Data records:
▬▬▬▬▬▬

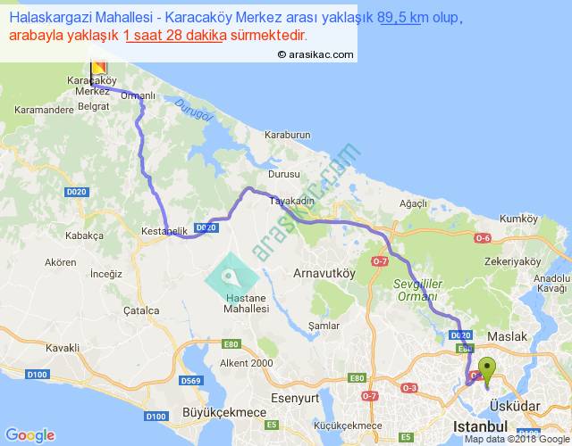 Halaskargazi Mahallesi - Karacaköy Merkez arası yaklaşık olarak 90 km/h ile yukarıda belirtilen sürede olup, iki yerin kuş uçuşu uzaklığı (mesafesi) 64'dir. Yolculuk otobüsle 1 saat 54 dakika sürmektedir.
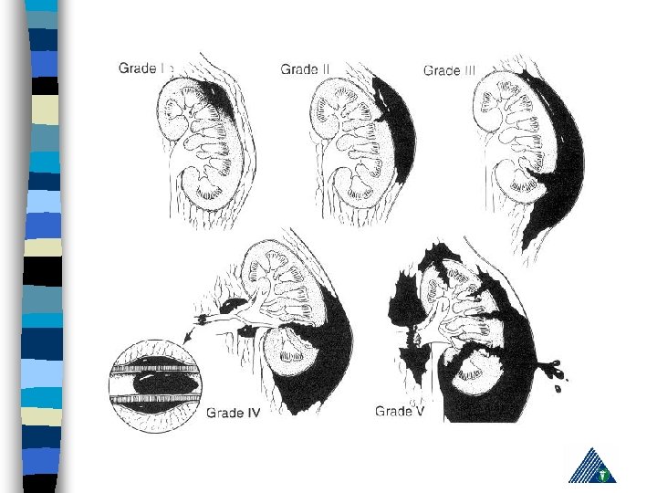 American Association for the Surgery of Trauma Organ Injury Severity Scale for the Kidney Grade Tip Tanım 1 kontüzyon Mikroskobik ya da gross hematuri, ürolojik incelemeler normal hematom Sub. Kapsuler, genişlemeyen parankimal hasar yok hematom Genişlemeyen perirenal hematom , renal retroperitona sınırlı laserasyon <1 -cm derinlikte parenkimal korteks hasarı, üriner ekstravazasyon yok 3 laserasyon >1 -cm derinlikte parenkimal korteks hasarı, üriner ekstravazasyon yok 4 laserasyon Medulla ve toplayıcı sisteme ulaşan parenkim hasarı vasküler Renal arter ve vende hemoraji içeren hasar laserasyon Tamamen parçalanmış Böbrek vasküler Renal hilusun ayrılması 2 5
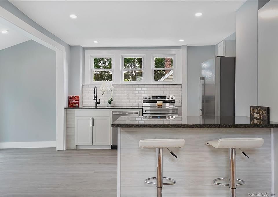 This completely remodeled 3 bedroom 1 bathroom colonial is ready for you! First floor boasts spacious living room, dining room and updated kitchen with new cabinets, granite countertops, and stainless steel appliances. Vaulted eat-in kitchen area with sliding doors leading out to the back deck. Gorgeous refinished hardwood floors throughout. Second floor offers 3 bedrooms and a custom tiled full bathroom with modern vanity. Oversized driveway to accommodate many cars in addition to a detached 2 garage. Only 1 mile from Hubbard Park, close to major highways, the mall and 30 mins from Hartford & New Haven.
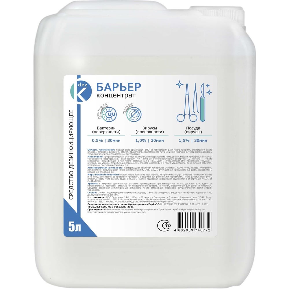 Дезинфицирующее средство ООО Континент Барьер 5 л 4602009724169 предназначено профилактической, текущей и заключительной дезинфекции поверхностей в помещениях, поверхностей аппаратов, приборов, жесткой мебели, предметов для мытья посуды, игрушек, спортивного инвентаря, средств личной гигиены, предметов ухода за больными, уборочного инвентаря и материала, резиновых и полипропиленовых ковриков, таможенных терминалах, коммунальных объектах. Отличается экономичным расходом, за счет чего средства хватит на долгий срок. Не содержит агрессивных ПАВ, благодаря чему безопасно для обрабатываемых поверхностей. Средство полностью разлагаемо, поэтому не вредит окружающей среде.
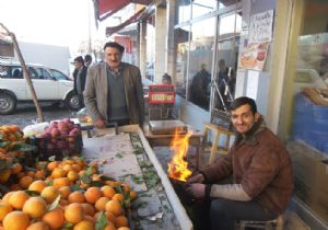 Manavlık yapan Emre Tanrıverdi, “Kış ayında içeride soba yakamıyoruz meyve ve sebzelerimiz bozuluyor. Biz de dışarıya koyduğumuz meyve ve sebze tezgahının hemen yanın da ateş yakarak üşümemeye ve satış yapmaya çalışıyoruz.” dedi.

▬▬▬▬▬▬

▸ **Task**
Output the data exactly. Leave every picture out.

▸ **Task output**
 Halaskargazi Mahallesi - Karacaköy Merkez arası yaklaşık olarak 90 km/h ile yukarıda belirtilen sürede olup, iki yerin kuş uçuşu uzaklığı (mesafesi) 64'dir. Yolculuk otobüsle 1 saat 54 dakika sürmektedir.
 American Association for the Surgery of Trauma Organ Injury Severity Scale for the Kidney Grade Tip Tanım 1 kontüzyon Mikroskobik ya da gross hematuri, ürolojik incelemeler normal hematom Sub. Kapsuler, genişlemeyen parankimal hasar yok hematom Genişlemeyen perirenal hematom , renal retroperitona sınırlı laserasyon <1 -cm derinlikte parenkimal korteks hasarı, üriner ekstravazasyon yok 3 laserasyon >1 -cm derinlikte parenkimal korteks hasarı, üriner ekstravazasyon yok 4 laserasyon Medulla ve toplayıcı sisteme ulaşan parenkim hasarı vasküler Renal arter ve vende hemoraji içeren hasar laserasyon Tamamen parçalanmış Böbrek vasküler Renal hilusun ayrılması 2 5
 This completely remodeled 3 bedroom 1 bathroom colonial is ready for you! First floor boasts spacious living room, dining room and updated kitchen with new cabinets, granite countertops, and stainless steel appliances. Vaulted eat-in kitchen area with sliding doors leading out to the back deck. Gorgeous refinished hardwood floors throughout. Second floor offers 3 bedrooms and a custom tiled full bathroom with modern vanity. Oversized driveway to accommodate many cars in addition to a detached 2 garage. Only 1 mile from Hubbard Park, close to major highways, the mall and 30 mins from Hartford & New Haven.
 Дезинфицирующее средство ООО Континент Барьер 5 л 4602009724169 предназначено профилактической, текущей и заключительной дезинфекции поверхностей в помещениях, поверхностей аппаратов, приборов, жесткой мебели, предметов для мытья посуды, игрушек, спортивного инвентаря, средств личной гигиены, предметов ухода за больными, уборочного инвентаря и материала, резиновых и полипропиленовых ковриков, таможенных терминалах, коммунальных объектах. Отличается экономичным расходом, за счет чего средства хватит на долгий срок. Не содержит агрессивных ПАВ, благодаря чему безопасно для обрабатываемых поверхностей. Средство полностью разлагаемо, поэтому не вредит окружающей среде.
 Manavlık yapan Emre Tanrıverdi, “Kış ayında içeride soba yakamıyoruz meyve ve sebzelerimiz bozuluyor. Biz de dışarıya koyduğumuz meyve ve sebze tezgahının hemen yanın da ateş yakarak üşümemeye ve satış yapmaya çalışıyoruz.” dedi.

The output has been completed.